** Opening The data block **

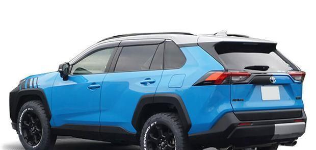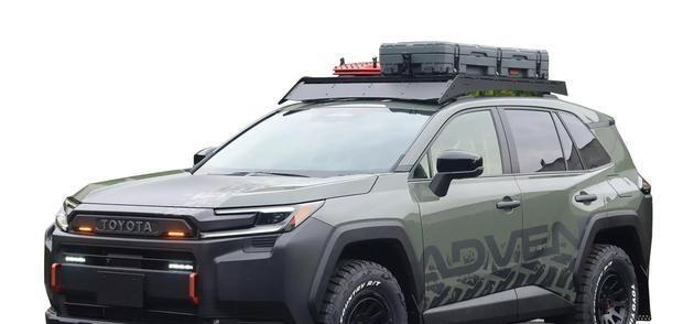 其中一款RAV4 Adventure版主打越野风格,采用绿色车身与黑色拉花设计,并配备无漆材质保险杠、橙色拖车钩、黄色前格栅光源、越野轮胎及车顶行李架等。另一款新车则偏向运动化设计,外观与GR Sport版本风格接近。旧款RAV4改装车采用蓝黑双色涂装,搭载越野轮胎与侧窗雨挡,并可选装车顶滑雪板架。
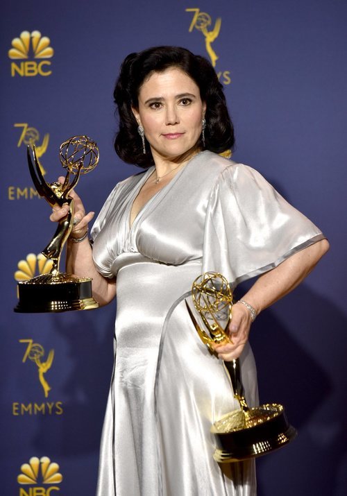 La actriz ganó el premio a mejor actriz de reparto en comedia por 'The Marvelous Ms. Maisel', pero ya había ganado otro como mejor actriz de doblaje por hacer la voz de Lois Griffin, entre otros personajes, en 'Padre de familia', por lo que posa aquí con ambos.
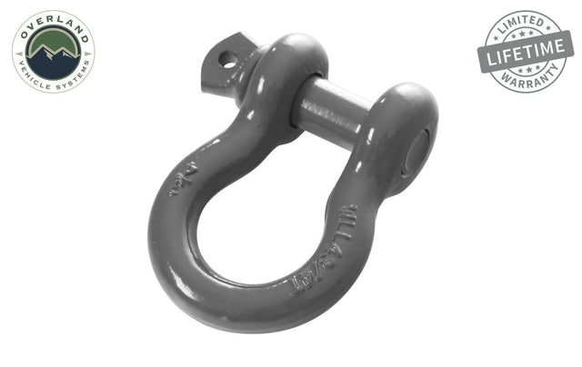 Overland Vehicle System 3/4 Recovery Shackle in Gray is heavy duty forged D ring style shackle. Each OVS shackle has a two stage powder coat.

** Closing The data block **

* **What to work on**
Where the material above includes pictures, omit them and retype everything else exactly.

* **Output below**
 其中一款RAV4 Adventure版主打越野风格,采用绿色车身与黑色拉花设计,并配备无漆材质保险杠、橙色拖车钩、黄色前格栅光源、越野轮胎及车顶行李架等。另一款新车则偏向运动化设计,外观与GR Sport版本风格接近。旧款RAV4改装车采用蓝黑双色涂装,搭载越野轮胎与侧窗雨挡,并可选装车顶滑雪板架。
 La actriz ganó el premio a mejor actriz de reparto en comedia por 'The Marvelous Ms. Maisel', pero ya había ganado otro como mejor actriz de doblaje por hacer la voz de Lois Griffin, entre otros personajes, en 'Padre de familia', por lo que posa aquí con ambos.
 Overland Vehicle System 3/4 Recovery Shackle in Gray is heavy duty forged D ring style shackle. Each OVS shackle has a two stage powder coat.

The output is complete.